1 HIS HONOUR: In an amended statement of claim the plaintiff has pleaded the following imputations each of which is said to arise from the article published in the Sydney Morning Herald on 12 August 1989. (‘the article’) and is asserted to be defamatory of the plaintiff:

          “4….
          (a) The plaintiff dishonestly represented that the original data upon which his MD thesis was based was collected by himself and not by the director of the Sterility Clinic at Crown Street, Dr Alan Grant;
          (b) The plaintiff dishonestly claimed to have carried out research on the drug Thalidomide which was in fact research carried out by Dr McCredie;
          (c) The plaintiff stole other people’s research data to gain widespread fame and recognition for himself.”

2 The defendant pleads in an amended defence the following contextual imputations:

          “9. The matter complained of conveyed the following imputations of and concerning the plaintiff:
                  (a) The plaintiff had dishonestly failed to acknowledge Dr McCredie’s predominant role in discovering how Thalidomide caused limb abnormalities in children;

(b) The plaintiff was a dishonest researcher;

(c) The plaintiff was a dishonest scientist;

(d) The plaintiff lacked scientific integrity.”

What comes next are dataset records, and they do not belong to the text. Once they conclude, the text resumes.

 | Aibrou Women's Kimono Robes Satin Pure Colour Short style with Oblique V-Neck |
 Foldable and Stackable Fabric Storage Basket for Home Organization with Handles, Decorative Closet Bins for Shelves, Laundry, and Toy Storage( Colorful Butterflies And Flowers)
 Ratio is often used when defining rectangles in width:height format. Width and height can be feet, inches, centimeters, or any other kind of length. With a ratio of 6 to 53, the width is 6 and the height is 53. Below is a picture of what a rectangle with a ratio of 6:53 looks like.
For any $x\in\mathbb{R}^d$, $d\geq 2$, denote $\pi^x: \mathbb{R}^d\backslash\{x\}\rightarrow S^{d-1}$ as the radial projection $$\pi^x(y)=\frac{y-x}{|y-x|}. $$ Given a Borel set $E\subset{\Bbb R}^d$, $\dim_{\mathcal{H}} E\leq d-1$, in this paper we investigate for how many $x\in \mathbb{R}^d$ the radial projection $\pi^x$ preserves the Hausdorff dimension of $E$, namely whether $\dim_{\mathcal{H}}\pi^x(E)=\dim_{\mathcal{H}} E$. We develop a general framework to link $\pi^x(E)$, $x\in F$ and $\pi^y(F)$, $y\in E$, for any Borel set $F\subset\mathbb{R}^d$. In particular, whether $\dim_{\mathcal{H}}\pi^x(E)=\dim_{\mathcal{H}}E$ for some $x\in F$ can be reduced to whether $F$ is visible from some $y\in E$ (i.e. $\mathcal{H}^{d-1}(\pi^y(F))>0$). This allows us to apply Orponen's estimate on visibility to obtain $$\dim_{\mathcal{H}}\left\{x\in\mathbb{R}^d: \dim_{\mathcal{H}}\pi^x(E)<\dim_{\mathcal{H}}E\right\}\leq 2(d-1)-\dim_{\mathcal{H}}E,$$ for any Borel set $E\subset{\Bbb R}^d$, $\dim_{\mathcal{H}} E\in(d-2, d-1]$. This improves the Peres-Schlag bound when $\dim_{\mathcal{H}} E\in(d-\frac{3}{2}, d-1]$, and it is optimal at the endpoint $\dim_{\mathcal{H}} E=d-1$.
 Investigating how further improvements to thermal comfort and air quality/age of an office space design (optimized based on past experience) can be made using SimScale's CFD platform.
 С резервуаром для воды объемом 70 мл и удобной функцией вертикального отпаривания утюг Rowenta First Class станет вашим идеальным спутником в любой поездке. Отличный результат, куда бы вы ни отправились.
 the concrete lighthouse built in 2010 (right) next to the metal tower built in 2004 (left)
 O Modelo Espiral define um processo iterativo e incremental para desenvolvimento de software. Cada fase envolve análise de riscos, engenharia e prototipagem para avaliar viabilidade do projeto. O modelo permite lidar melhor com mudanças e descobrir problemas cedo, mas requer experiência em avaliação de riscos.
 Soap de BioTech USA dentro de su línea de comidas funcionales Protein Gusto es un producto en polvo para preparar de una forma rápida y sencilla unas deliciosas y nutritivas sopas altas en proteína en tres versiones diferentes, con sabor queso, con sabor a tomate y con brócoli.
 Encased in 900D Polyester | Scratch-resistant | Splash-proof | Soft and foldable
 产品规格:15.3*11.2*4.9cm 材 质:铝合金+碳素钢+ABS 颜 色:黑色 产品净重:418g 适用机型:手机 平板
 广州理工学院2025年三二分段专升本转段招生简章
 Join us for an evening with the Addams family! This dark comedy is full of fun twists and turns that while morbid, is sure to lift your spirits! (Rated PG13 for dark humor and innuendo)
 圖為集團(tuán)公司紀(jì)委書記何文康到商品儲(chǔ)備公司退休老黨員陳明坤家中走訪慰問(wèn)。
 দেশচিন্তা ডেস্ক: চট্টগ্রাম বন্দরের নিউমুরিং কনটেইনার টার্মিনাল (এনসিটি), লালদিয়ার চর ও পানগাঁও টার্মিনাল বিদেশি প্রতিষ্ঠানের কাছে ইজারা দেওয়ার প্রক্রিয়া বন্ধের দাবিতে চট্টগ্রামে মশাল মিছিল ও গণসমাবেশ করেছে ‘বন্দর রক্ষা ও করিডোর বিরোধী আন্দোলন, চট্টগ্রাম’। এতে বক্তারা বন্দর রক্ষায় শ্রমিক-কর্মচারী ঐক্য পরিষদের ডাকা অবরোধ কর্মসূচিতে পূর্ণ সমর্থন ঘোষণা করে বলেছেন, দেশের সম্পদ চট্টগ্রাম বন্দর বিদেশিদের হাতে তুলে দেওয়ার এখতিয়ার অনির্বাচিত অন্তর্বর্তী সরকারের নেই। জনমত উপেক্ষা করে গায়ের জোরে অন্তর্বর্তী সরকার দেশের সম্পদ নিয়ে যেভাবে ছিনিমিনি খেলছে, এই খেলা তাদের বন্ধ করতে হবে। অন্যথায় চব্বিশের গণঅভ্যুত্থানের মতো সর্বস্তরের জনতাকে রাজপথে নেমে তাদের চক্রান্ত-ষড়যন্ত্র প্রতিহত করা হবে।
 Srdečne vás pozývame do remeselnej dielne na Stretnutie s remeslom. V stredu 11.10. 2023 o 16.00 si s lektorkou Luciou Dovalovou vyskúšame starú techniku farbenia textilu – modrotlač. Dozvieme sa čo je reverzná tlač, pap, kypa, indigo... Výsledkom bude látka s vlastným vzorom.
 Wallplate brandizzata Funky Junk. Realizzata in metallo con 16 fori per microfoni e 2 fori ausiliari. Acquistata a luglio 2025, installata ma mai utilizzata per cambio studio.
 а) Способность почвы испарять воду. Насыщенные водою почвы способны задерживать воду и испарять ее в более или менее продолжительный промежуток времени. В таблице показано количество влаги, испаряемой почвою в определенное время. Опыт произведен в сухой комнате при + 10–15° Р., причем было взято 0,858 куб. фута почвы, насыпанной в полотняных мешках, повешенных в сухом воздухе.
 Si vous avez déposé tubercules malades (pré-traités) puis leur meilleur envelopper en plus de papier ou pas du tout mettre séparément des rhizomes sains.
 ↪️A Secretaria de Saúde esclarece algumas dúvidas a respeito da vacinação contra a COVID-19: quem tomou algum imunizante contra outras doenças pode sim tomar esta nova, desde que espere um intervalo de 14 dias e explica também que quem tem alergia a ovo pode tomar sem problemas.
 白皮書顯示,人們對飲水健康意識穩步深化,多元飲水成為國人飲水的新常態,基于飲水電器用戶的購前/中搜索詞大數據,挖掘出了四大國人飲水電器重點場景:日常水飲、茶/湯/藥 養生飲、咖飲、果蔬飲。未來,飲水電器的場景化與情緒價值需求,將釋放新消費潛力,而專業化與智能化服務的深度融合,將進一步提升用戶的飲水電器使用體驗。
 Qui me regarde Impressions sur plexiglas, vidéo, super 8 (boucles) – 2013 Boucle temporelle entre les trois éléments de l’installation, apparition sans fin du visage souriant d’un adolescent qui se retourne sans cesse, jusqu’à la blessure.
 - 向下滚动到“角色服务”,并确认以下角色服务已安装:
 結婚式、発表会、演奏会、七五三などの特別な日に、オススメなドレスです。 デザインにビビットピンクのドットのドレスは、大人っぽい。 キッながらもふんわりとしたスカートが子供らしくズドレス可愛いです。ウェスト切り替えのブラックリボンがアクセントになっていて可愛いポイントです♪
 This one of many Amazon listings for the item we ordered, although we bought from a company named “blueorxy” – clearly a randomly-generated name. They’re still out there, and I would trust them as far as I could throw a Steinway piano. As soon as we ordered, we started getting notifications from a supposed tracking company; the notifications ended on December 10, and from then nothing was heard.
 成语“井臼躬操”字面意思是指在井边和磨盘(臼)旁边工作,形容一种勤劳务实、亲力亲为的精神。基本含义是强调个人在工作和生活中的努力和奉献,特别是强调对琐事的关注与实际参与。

3 By a notice of motion filed on 1 May 2007 the plaintiff seeks an order that paragraph 9 and particulars P22 – P28 – the defence of contextual truth – and P40 be struck out pursuant to r 14.28 of the Uniform Civil Procedure Rules [UCPR] on the grounds that they:

              “(a) disclose no reasonable case appropriate to the nature of the pleading;
              (b) have a tendency to cause prejudice, embarrassment or delay in the proceedings; or

(c) are otherwise an abuse of the process of the Court.”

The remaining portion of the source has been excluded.